Village and civil parish in Nottinghamshire, England

Beckingham is a village and civil parish in the Bassetlaw district of Nottinghamshire, England, about three miles west of Gainsborough. According to the 2001 census it had a population of 1,168, reducing to 1,098 in 2011 but increasing to 1,288 in 2021.

==History==
Most of All Saints' Church was built in the 13th century, though the exterior is possibly from the 15th century. The west tower has buttresses, battlements, gargoyles and pinnacles. There is a north chancel chapel and sedilia. It is a Grade II* listed building.

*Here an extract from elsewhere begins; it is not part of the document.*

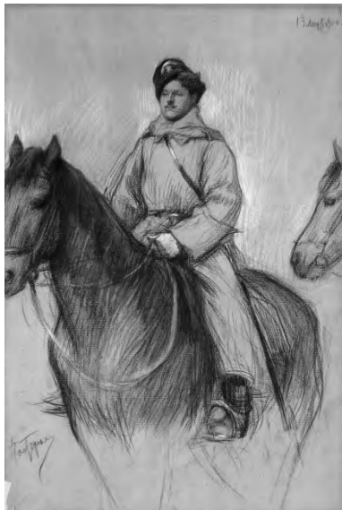
Л.О. Пастернак. «Казак» Одесский художественный музей

лать, я согласился, ведь от Одессы нельзя требовать тех цен. Жалко «Концерт», не продан, ужасно неудобно его назад отсылать – разобьют, испортят, большая пастель слишком и везти неудобно. *** Да! Выставка, вероятно, если не закрылась, то верно закроется на днях, а потому пожалуйста, сообщите моему брату (Базарная, 66), **** чтобы он прислал за вещами, ибо я боюсь, чтобы от Вас их отравили: опасно со стеклами, и у Вас при массе отправок артельщик не так отнесется, как на свободе это сделает мой брат сам. Но только за отсылку вещей я потребую с Вас, т. е. с товарищества – а то за год много набирается разных «пересылочных расходов» и проч.

A tower windmill was built some time prior to 1840 to the north of the village. The tower was straight-sided. In 1841 the mill had 2 pairs of millstones driven by 4 common sails, described as "self-regulating cloth and rollers to the sails". By 1850 the mill had been fitted with a pair of patent sails, retaining one pair of rollers; these drove 3 pairs of millstones.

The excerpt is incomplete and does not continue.